Sunday, January 30, 2011

A Trek to True Religion

Another guest post from my friend Robert Moriarty, afoot in Washington with a sense of urgency.

I don’t like the gym, so I try to walk every day. I often walk from L’Enfant to DuPont which takes 50 minutes, 3 miles I estimate. It is an interesting route. Despite being very happy to have male plumbing rather than female, my prostate is not my friend. Last time the doctor snapped off the rubber gloves he said, “Well you don’t have the prostate of a 19 year-old.” “I haven’t passed that way in decades Doc. Put me on the transplant list!” No transplants for prostates, so during my daily hike I usually have to urinate. I have three haunts for this errand, Lucky Bar, The Mayflower and Filene’s Basement. All are about two-thirds of the way on my journey, providing varying degrees of accommodation.

Lucky Bar is the quickest. It's a green Biker bar, a pedallers hangout. Mostly couriers, a scruffy bunch that clogs the sidewalk with bicycles that are either purposely ugly or show a minimalist high-tech display of huge expense. One style would seem to discourage theft, the other to encourage it. Other contradictions exist; they smoke a lot in combination with their exercise lifestyle. Lucky's is sometimes guarded by a doorman. He once asked me for a picture ID. I would have protested that in America we do not have a requirement to carry such identification, but my bladder deprived me of my constitutional rights. On Fridays it is useless, so crowded with drinkers that outside urinators need not apply.

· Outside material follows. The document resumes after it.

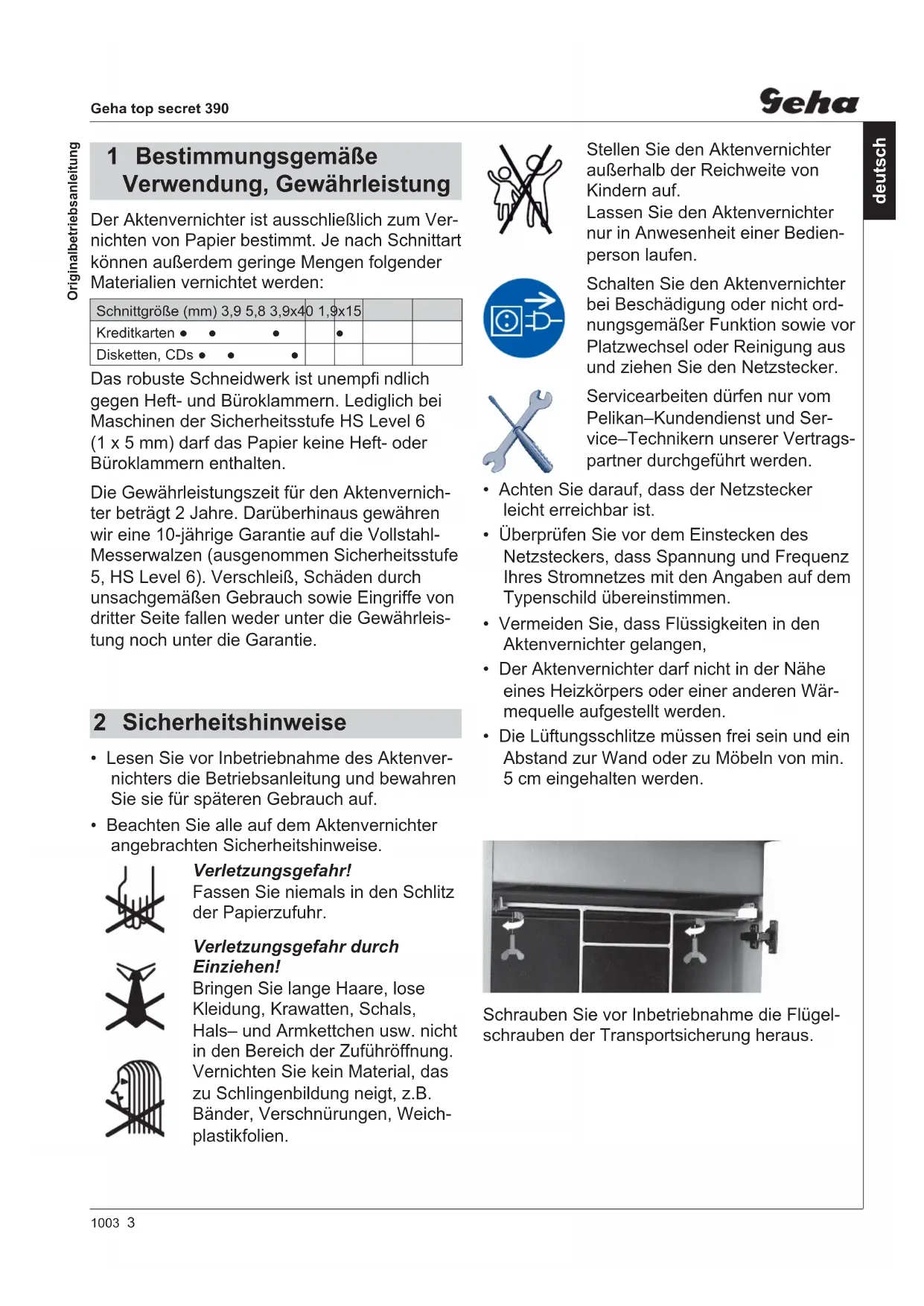 - Beachten Sie alle auf dem Aktenvernichter angebrachten Sicherheitshinweise. Verletzungsgefahr! Fassen Sie niemals in den Schlitz der Papierzufuhr. Verletzungsgefahr durch Einziehen! Bringen Sie lange Haare, lose Kleidung, Krawatten, Schals, Hals– und Armkettchen usw. nicht in den Bereich der Zuführöffnung. Vernichten Sie kein Material, das zu Schlingenbildung neigt, z.B. Bänder, Verschnürungen, Weich- plastikfolien. 2 Sicherheitshinweise Schrauben Sie vor Inbetriebnahme die Flügel- schrauben der Transportsicherung heraus. Originalbetriebsanleitung4 1003Geha top secret 390 deutsch Aktenvernichter einschalten

The Mayflower is the classiest. I open my outerwear to display my usual coat and tie as my entry credentials. Often welcomed by the doorman I stride the lobby with as much confidence as Elliot Spitzer. I walk the long corridor peeking into corporate cocktail parties and what appear to be private wedding parties. My body language announces I am likely to dip in for a drink or canapĂ©, but I only veer into the staircase that leads to the men’s room, as well as JFK’s pre-presidential apartment wing, now a non-descript piece of real estate lacking even a concierge. The facilities are top-notch providing hand cream and Kleenex after use of the electronic urinals (those are measurement devices, right?). With every visit I remember my Senior Prom. Like Lucky Bar, the Mayflower men's room is sometimes off limits. When no parties are upstairs they lock it to keep out vagrants and to keep out me.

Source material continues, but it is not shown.